## SOURCE DATA
▶
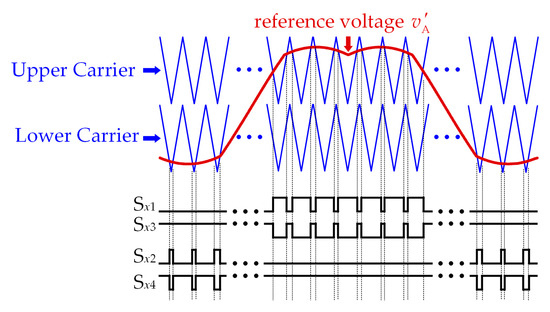For conventional CBPWM of the three-level inverter, the pulse signal for each power device is produced by the comparison of the carriers and the reference voltage vx, (x ∈ {A, B, C}). The reference voltages of the three phases are defined as:
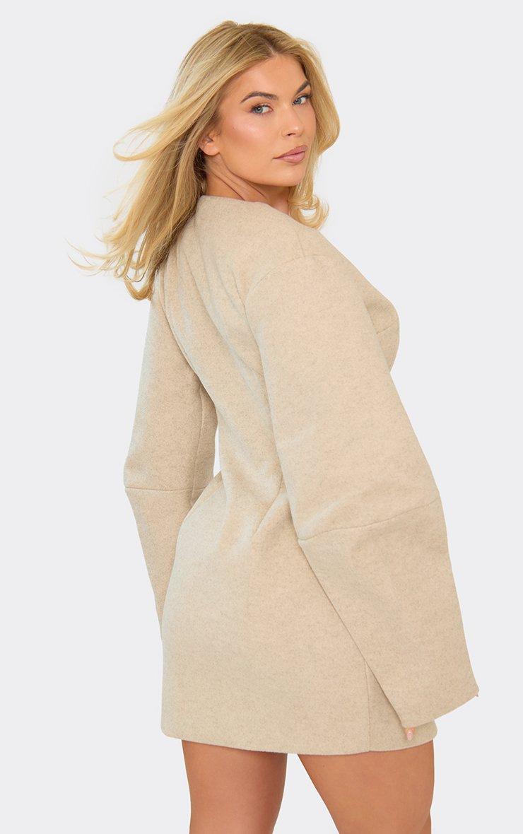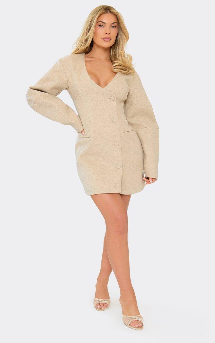 balloon sleeve button front wool look blazer dress in beige
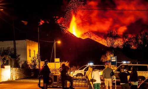Kein Ende in Sicht Vulkanologen erwarten angesichts der anhaltenden Heftigkeit der Vulkantätigkeit auf der Kanareninsel La Palma kein baldiges Ende des Ausbruchs. Der Vulkan in der Cumbre Vieja bot auch gestern – mehr als fünf Wochen nach dem Beginn des Ausbruchs – spektakuläre Bilder. Foto: Emilio
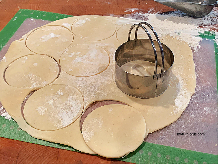 - Preheat oven to 350°F . Roll pie dough on a lightly floured surface. Use a 3-inch round biscuit cutter, cut out rounds rerolling and cutting until all the dough is gone. You should have 14-16 rounds of mini pie crusts.
◀
## WHAT THE TASK REQUIRES
Restate the data above exactly, stripping out each image.

## RESPONSE FOR THIS EXERCISE
For conventional CBPWM of the three-level inverter, the pulse signal for each power device is produced by the comparison of the carriers and the reference voltage vx, (x ∈ {A, B, C}). The reference voltages of the three phases are defined as:
 balloon sleeve button front wool look blazer dress in beige
Kein Ende in Sicht Vulkanologen erwarten angesichts der anhaltenden Heftigkeit der Vulkantätigkeit auf der Kanareninsel La Palma kein baldiges Ende des Ausbruchs. Der Vulkan in der Cumbre Vieja bot auch gestern – mehr als fünf Wochen nach dem Beginn des Ausbruchs – spektakuläre Bilder. Foto: Emilio
 - Preheat oven to 350°F . Roll pie dough on a lightly floured surface. Use a 3-inch round biscuit cutter, cut out rounds rerolling and cutting until all the dough is gone. You should have 14-16 rounds of mini pie crusts.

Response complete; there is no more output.